Emit the data below verbatim, stripping out any pictures.

--- Collected data ---
·····

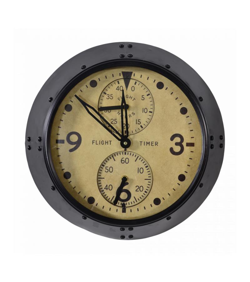 De Wandklok Durham is retro industrieel. Ook is de Wandklok Durham geschikt voor bijna elke ruimte door zijn rustige uiterlijk, maar deze wandklok zal niet verdwijnen in de inrichting. Wandklok Durham heeft een metalen zwarte rand en een goud gekleurde binnenkant. In de binnenkant zie je 2 kleinere klokken in afgebeeld.
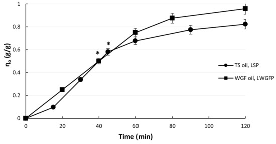 Tomato seed and wheat germ flour oil extraction yields () vs. extraction time, evaluated during trials #6 and #7 performed with layered configurations (LSP and LWGFP, respectively). p > 0.05 for all the points marked with asterisks, *.
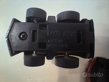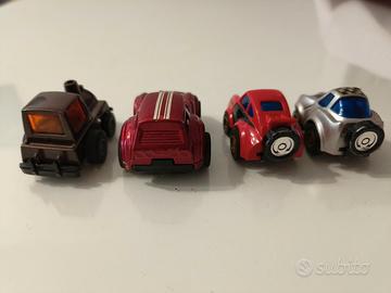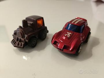 Set di quattro mini macchinine vintage. Due in plastica con retrocarica(funzionante) e due in metallo(trenino e corvette bordeaux). 3 Made in Macau e 1 in Hong Kong.

·····

--- Finished exercise ---
 De Wandklok Durham is retro industrieel. Ook is de Wandklok Durham geschikt voor bijna elke ruimte door zijn rustige uiterlijk, maar deze wandklok zal niet verdwijnen in de inrichting. Wandklok Durham heeft een metalen zwarte rand en een goud gekleurde binnenkant. In de binnenkant zie je 2 kleinere klokken in afgebeeld.
 Tomato seed and wheat germ flour oil extraction yields () vs. extraction time, evaluated during trials #6 and #7 performed with layered configurations (LSP and LWGFP, respectively). p > 0.05 for all the points marked with asterisks, *.
 Set di quattro mini macchinine vintage. Due in plastica con retrocarica(funzionante) e due in metallo(trenino e corvette bordeaux). 3 Made in Macau e 1 in Hong Kong.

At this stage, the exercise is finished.